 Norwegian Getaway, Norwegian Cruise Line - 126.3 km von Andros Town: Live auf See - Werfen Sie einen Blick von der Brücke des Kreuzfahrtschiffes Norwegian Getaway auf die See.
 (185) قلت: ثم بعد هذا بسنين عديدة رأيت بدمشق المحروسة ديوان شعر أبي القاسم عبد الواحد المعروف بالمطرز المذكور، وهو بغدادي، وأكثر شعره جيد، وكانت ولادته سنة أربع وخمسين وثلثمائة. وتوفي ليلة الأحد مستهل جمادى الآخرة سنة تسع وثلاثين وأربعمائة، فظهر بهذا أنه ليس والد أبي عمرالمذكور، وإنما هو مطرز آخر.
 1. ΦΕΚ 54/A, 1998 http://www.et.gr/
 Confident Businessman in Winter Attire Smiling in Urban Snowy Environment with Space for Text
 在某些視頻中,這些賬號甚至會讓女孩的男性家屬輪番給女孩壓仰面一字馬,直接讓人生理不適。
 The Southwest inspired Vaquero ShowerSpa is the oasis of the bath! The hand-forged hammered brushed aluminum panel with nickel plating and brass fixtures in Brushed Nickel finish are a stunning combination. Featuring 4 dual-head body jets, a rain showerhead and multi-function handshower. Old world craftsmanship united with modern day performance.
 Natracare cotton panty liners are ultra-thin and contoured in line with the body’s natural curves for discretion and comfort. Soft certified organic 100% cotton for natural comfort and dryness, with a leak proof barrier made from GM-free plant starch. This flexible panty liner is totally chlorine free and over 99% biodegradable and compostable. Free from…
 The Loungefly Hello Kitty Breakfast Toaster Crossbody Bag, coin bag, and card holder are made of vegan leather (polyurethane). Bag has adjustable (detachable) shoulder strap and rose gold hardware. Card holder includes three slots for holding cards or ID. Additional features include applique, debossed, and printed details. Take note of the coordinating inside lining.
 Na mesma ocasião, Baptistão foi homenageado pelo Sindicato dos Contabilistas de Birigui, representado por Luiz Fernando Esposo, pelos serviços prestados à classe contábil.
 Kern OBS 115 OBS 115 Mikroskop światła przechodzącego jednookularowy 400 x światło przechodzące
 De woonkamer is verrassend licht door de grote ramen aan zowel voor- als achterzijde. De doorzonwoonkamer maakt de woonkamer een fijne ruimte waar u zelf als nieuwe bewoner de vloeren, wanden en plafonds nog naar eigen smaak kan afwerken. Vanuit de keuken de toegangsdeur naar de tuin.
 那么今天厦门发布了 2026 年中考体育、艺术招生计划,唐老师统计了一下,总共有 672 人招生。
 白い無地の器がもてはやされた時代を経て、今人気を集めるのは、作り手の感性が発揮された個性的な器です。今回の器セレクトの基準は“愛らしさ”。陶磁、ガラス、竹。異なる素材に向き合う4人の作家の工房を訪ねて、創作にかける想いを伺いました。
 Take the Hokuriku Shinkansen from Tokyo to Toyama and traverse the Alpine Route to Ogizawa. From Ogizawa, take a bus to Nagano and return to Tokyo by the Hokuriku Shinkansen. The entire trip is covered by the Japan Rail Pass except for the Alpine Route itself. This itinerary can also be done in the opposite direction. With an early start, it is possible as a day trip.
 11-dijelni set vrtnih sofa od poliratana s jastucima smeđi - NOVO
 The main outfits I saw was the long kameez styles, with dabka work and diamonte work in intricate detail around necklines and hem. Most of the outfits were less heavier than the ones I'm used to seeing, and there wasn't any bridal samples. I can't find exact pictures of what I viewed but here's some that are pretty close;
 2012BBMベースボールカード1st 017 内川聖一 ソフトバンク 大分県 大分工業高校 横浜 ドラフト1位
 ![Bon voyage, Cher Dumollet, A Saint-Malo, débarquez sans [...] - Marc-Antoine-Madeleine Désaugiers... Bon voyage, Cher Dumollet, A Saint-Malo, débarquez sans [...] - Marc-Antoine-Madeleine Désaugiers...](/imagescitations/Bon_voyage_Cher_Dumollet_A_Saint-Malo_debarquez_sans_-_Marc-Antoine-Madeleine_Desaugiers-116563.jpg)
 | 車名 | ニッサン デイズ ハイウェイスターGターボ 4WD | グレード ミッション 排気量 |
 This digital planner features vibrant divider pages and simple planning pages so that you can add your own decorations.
--*--
Exercise => Above are records; repeat only the lines starting at the line with "Na mesma ocasião, Baptistão" and ending at the line with "Kern OBS 115", exactly as they appear, both included.

Problem solution =>
 Na mesma ocasião, Baptistão foi homenageado pelo Sindicato dos Contabilistas de Birigui, representado por Luiz Fernando Esposo, pelos serviços prestados à classe contábil.
 Kern OBS 115 OBS 115 Mikroskop światła przechodzącego jednookularowy 400 x światło przechodzące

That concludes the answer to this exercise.